▶ _WORK INSTRUCTIONS_:
Below is a set of records; reproduce them exactly without their pictures.

▶ _EXERCISE MATERIALS_:
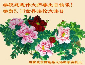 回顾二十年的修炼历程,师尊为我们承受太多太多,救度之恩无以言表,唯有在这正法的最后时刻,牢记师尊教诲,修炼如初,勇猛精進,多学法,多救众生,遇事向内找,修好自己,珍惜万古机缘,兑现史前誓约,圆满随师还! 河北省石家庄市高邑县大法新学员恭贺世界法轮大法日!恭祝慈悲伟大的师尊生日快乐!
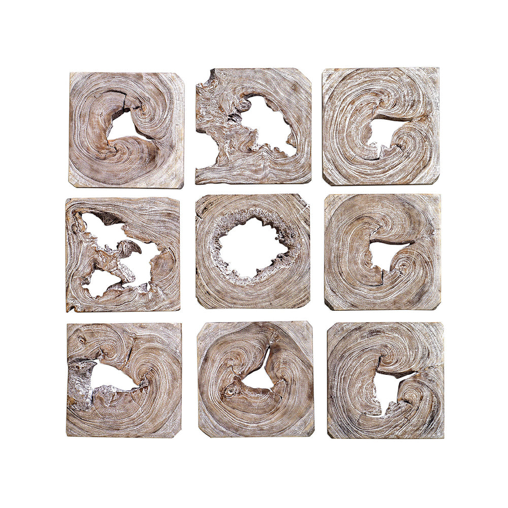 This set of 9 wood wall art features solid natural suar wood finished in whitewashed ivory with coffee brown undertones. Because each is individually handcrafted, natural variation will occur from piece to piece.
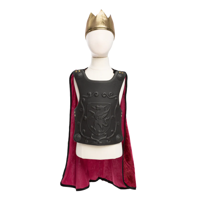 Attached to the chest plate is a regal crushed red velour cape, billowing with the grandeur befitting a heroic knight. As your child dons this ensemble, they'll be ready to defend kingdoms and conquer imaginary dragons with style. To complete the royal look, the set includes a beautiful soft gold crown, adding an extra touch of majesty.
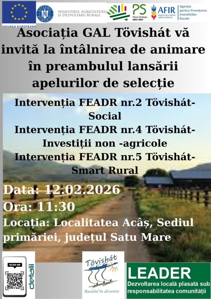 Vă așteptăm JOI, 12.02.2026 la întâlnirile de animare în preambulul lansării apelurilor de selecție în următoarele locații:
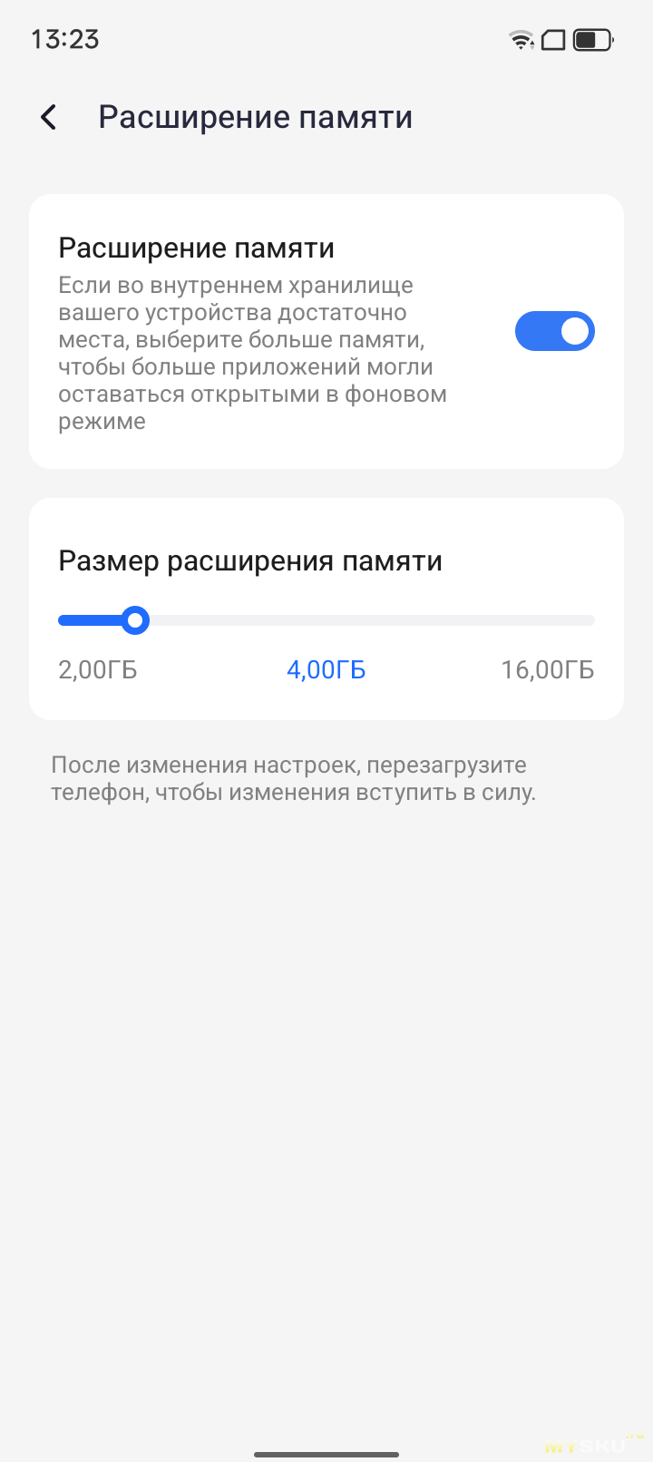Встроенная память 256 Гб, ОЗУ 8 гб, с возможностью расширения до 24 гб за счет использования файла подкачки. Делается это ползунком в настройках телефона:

▶ _EXPECTED OUTPUT_:
 回顾二十年的修炼历程,师尊为我们承受太多太多,救度之恩无以言表,唯有在这正法的最后时刻,牢记师尊教诲,修炼如初,勇猛精進,多学法,多救众生,遇事向内找,修好自己,珍惜万古机缘,兑现史前誓约,圆满随师还! 河北省石家庄市高邑县大法新学员恭贺世界法轮大法日!恭祝慈悲伟大的师尊生日快乐!
 This set of 9 wood wall art features solid natural suar wood finished in whitewashed ivory with coffee brown undertones. Because each is individually handcrafted, natural variation will occur from piece to piece.
 Attached to the chest plate is a regal crushed red velour cape, billowing with the grandeur befitting a heroic knight. As your child dons this ensemble, they'll be ready to defend kingdoms and conquer imaginary dragons with style. To complete the royal look, the set includes a beautiful soft gold crown, adding an extra touch of majesty.
 Vă așteptăm JOI, 12.02.2026 la întâlnirile de animare în preambulul lansării apelurilor de selecție în următoarele locații:
Встроенная память 256 Гб, ОЗУ 8 гб, с возможностью расширения до 24 гб за счет использования файла подкачки. Делается это ползунком в настройках телефона:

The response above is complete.